A CBF não faz contrato, mas segue as leis trabalhistas e registra o funcionário na carteira de trabalho. Contas para lá e para cá, Tite deverá embolsar pouco mais de R$ 500 mil por mês, já descontada a dolorida mordida do Leão. Seis por meia dúzia, Itaquera é mil vezes melhor do que a Barra da Tijuca, onde está fincada a sede do lamaçal conhecido como CBF.

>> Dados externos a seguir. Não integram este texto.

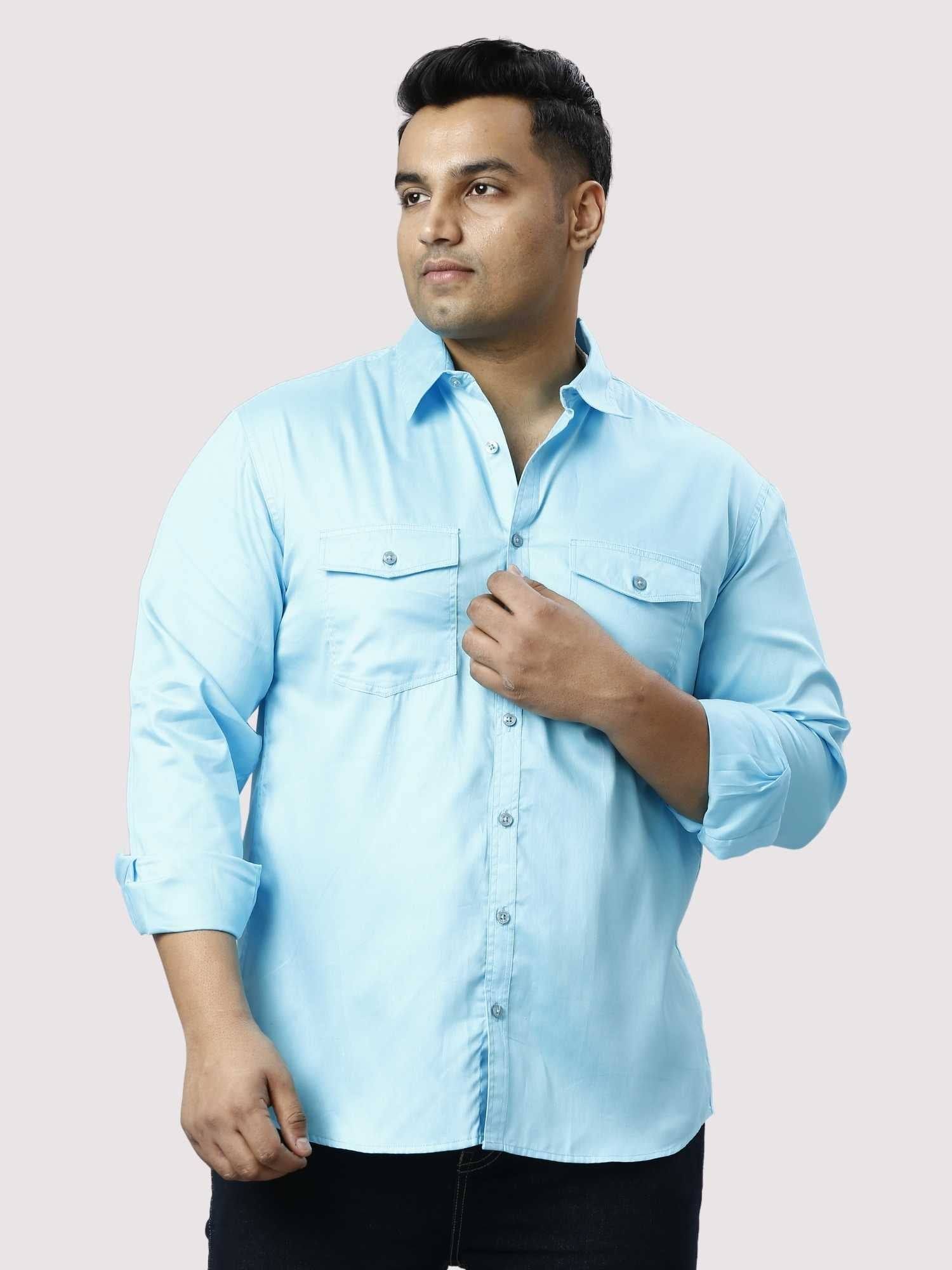Light Blue Pure Cotton Double Pocket Full Sleeve Shirt Men Plus Size

Alguns experientes afirmam que Tite teria se incomodado com a presença de torcedores truculentos no centro de treinamento do Corinthians. Sem dúvida esse é o tipo de situação desagradável, em especial para alguém do naipe do gaúcho Adenor Bacchi, mas é melhor conviver com o destempero do “bando de loucos” do que com a gatunagem debochada dos cartolas da CBF.

Outros conhecedores do assunto garantem que a chegada ao comando da seleção brasileira dará a Tite mais visibilidade na esfera do futebol internacional, principalmente no da Europa. Se o objetivo de Tite era sentar-se nas primeiras filas da vitrine do futebol planetário, melhor seria recusar o convite de Marco Polo Del Nero. Afinal, somente os excepcionais são capazes de recusar ofertas espúrias. Com isso seu passe valorizaria muito mais, também sua respeitabilidade como treinador. Mas cada um sabe o que é melhor para si.

Diz a sabedoria popular “vão-se os anéis, ficam os dedos”. Toda a sorte do mundo a essa figura extraordinária que é Tite, mas que o Timão faça jus ao superlativo e continue grande. “Vai Corinthians!”

(*) Ucho Haddad é jornalista político e investigativo, analista e comentarista político, cronista esportivo, escritor e poeta.